Il numero ottimale è massimo d1800 detenuti, attualmente ce ne sono 2150: “Quasi un terzo dei 6840 dei 15 istituti della Campania e comunque un numero maggiore dei 2104 di tutti gli undici istituti della Calabria - aggiunge però Ciambriello - Il tema delle strutture è fondamentale, il carcere deve essere a misura d’uomo, a Poggioreale ci sono anche celle con dieci persone, il recupero diventa sempre più difficile così. Solo il 30 per cento di loro non fa ritorno in carcere: ed è chi ha incontrato un cappellano, una cooperativa, un corso di formazione o chi ha vissuto momenti come il pranzo di Natale, ponte con l’esterno e occasione per riflettere sulle proprie responsabilità”.

Ciambriello ricorda come Poggioreale sia “il carcere più sovraffollato d’Europa, ma anche quello con il maggior numero di volontari”: volontari, come quelli di Sant’Egidio e non solo, elogiati da Berdini perché fondamentali per il recupero dei detenuti, fino a rendere il carcere più aperto alla città.

A riprendere il concetto è il sindaco Manfredi, che da rettore della Federico II avviò il polo universitario a Secondigliano, sede di laurea per i detenuti: “La dignità della pena è un diritto costituzionale e bisogna dare a tutti una opportunità, soprattutto di lavoro: la città non dimentica questi suoi cittadini.

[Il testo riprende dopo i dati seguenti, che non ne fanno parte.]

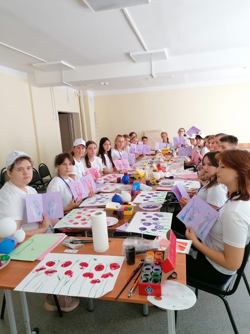 Во второй день работы лагеря для школьников был проведен мастер-класс «Использование нетрадиционных техник в создании абстрактной композиции в дизайне». Его организовали старшие преподаватели кафедры художественного и музыкального образования МГПУ имени М.Е. Евсевьева Матвеева Надежда Васильевна и Щербинкина Елена Васильевна. Ребятам были продемонстрированы приемы создания абстрактной композиции в технике ниткографии. Особый интерес вызвала техника создания интерьерной картины с помощью воздушных шаров. Дети с удовольствием создавали яркие композиции, которые могут украсить интерьер школьных столовых. Творческий процесс был увлекательным, и каждый участник мастер-класса уносил с собой частицу тепла и вдохновения, вложенного в свою работу.

E chi ha voglia di fare, troverà in noi sempre un appoggio”. “Alla formazione segua un reale accompagnamento al lavoro per i detenuti”, aggiunge Mattone, che con la Comunità di Sant’Egidio terrà sette pranzi in altrettante carceri per 600 detenuti, in attesa della visita dell’arcivescovo di Napoli Domenico Battaglia il 31 a Poggioreale.